Web Structure Derived Clustering for Optimised Web Accessibility Evaluation
Published in Proceedings of the ACM Web Conference 2023, 2023
Recommended citation: Alexander Hambley, Yeliz Yesilada, Markel Vigo, Simon Harper. 2023. Web Structure Derived Clustering for Optimised Web Accessibility Evaluation. Proceedings of the ACM Web Conference 2023 https://doi.org/10.1145/3493612.3520452
Web accessibility evaluation is a costly and complex process due to limited time, resources and ambiguity. To optimise the accessibility evaluation process, we aim to reduce the number of pages audi- tors must review by employing statistically representative pages, reducing a site of thousands of pages to a manageable review of archetypal pages.
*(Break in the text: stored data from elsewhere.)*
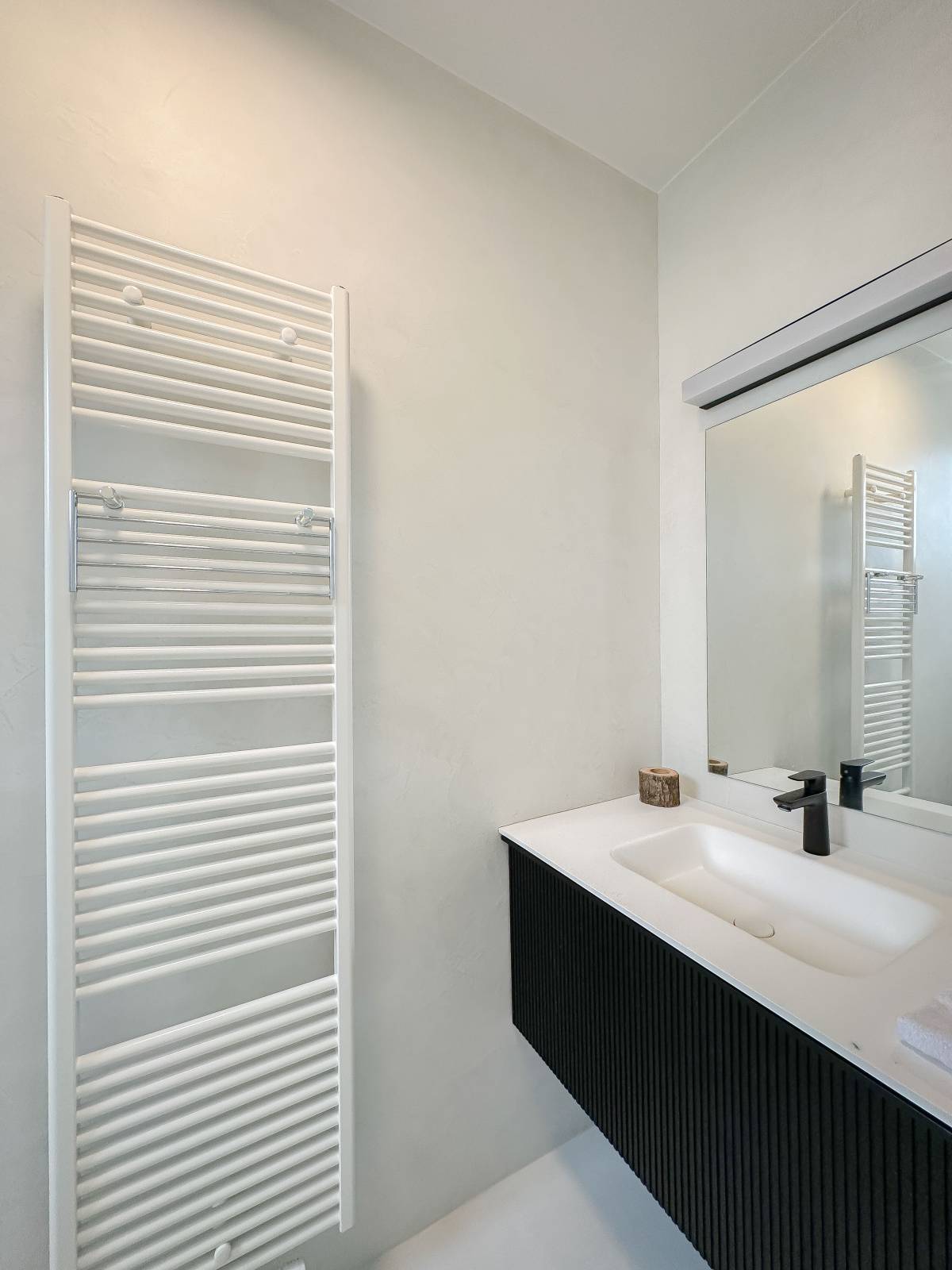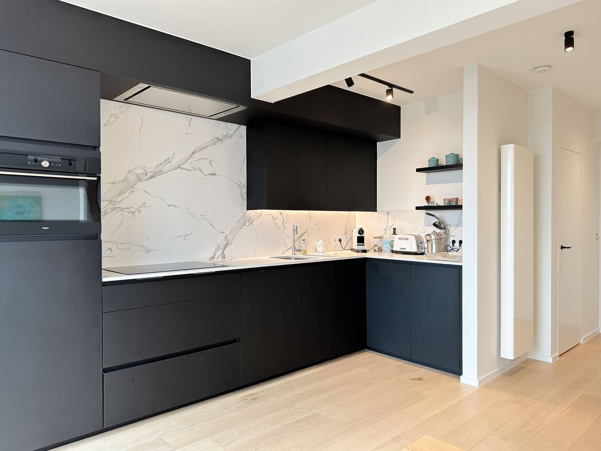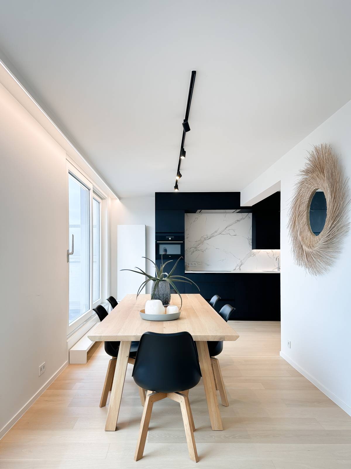 Indeling: Lichtrijke woonkamer die uitkomt op het terras, bereikbaar via 2 grote schuiframen. Volledig uitgeruste keuken met alle moderne comfort. Gezellige eethoek. Er zijn 2 volwaardige slaapkamers, voorzien van ingebouwde kasten, en elke kamer heeft een eigen ensuite douchekamer. Beide slaapkamers openen naar een ruim terras aan de achterzijde. Het appartement is hoogwaardig afgewerkt met vernieuwde ramen, indirecte verlichting, en de Mortex-techniek in de doucheruimtes.
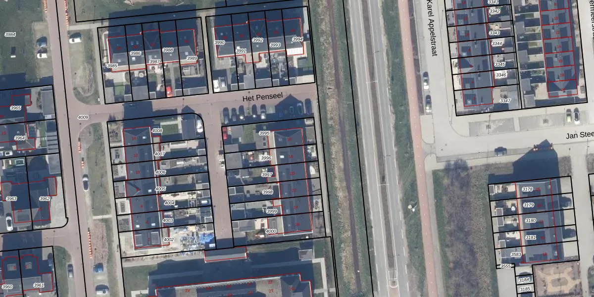 Gebruik de zoekbalk of klik op een perceel voor informatie over de adressen binnen dit perceel.
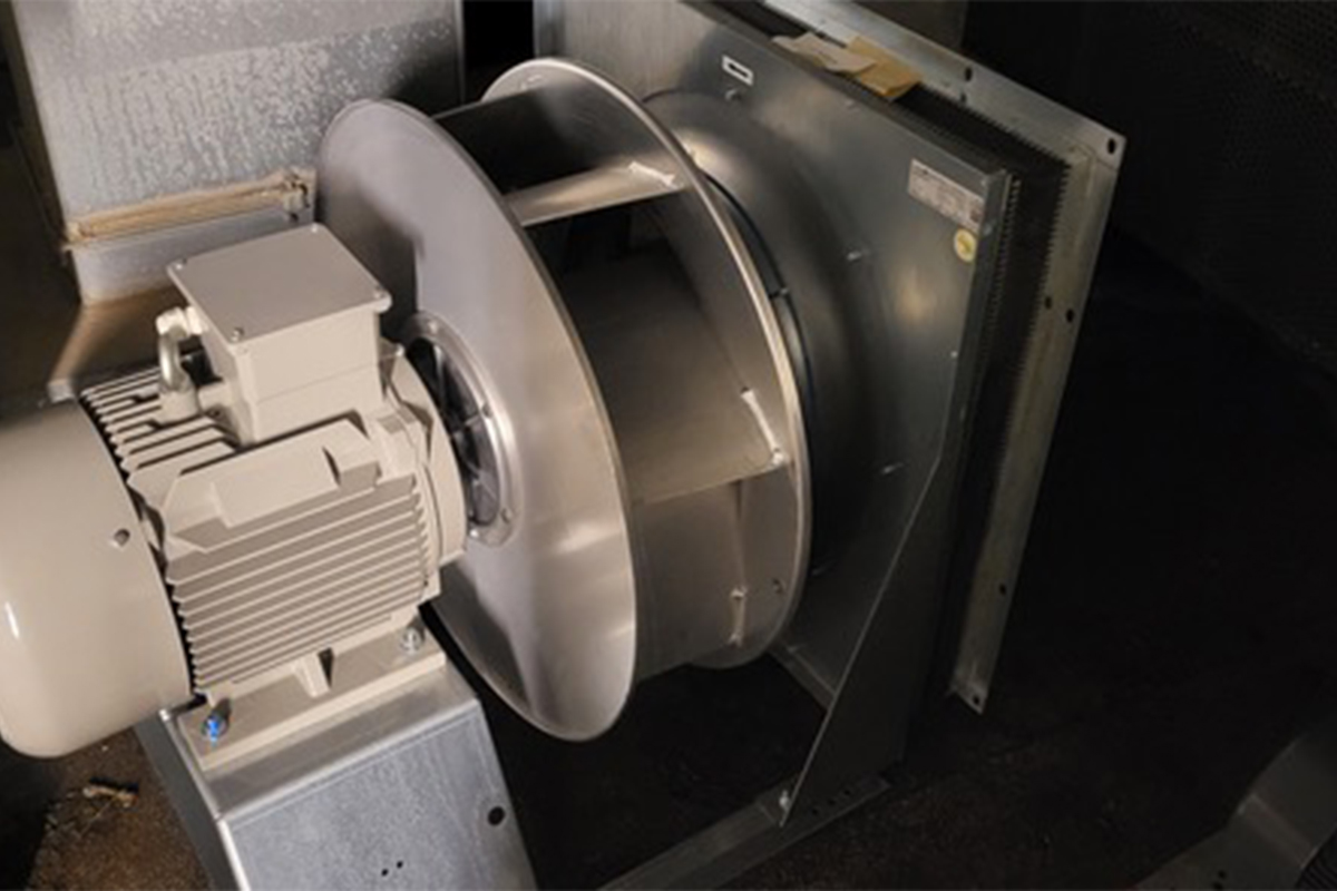 L’intervention a consisté à remplacer l’ensemble moteur + courroie par un moteur-turbine monobloc de nouvelle génération à haut rendement.

Our paper focuses on representativeness, one of six proposed metrics that form our methodology, to address the limitations we have identified with the W3C Website Accessibility Conformance Evaluation Methodology (WCAG-EM). These include the evaluative scope, the non-probabilistic sampling approach, and the potential for bias within the selected sample. Representative- ness, in particular, is a metric to assess the quality and coverage of sampling. To measure this, we systematically evaluate five web page representations with a website of 388 pages, including tags, structure, the DOM tree, content, and a mixture of structure and content. Our findings highlight the importance of including struc- tural components in representations. We validate our conclusions using the same methodology for three additional random sites of 500 pages. As an exclusive attribute, we find that features derived from web content are suboptimal and can lead to lower quality and more disparate clustering for optimised accessibility evaluation.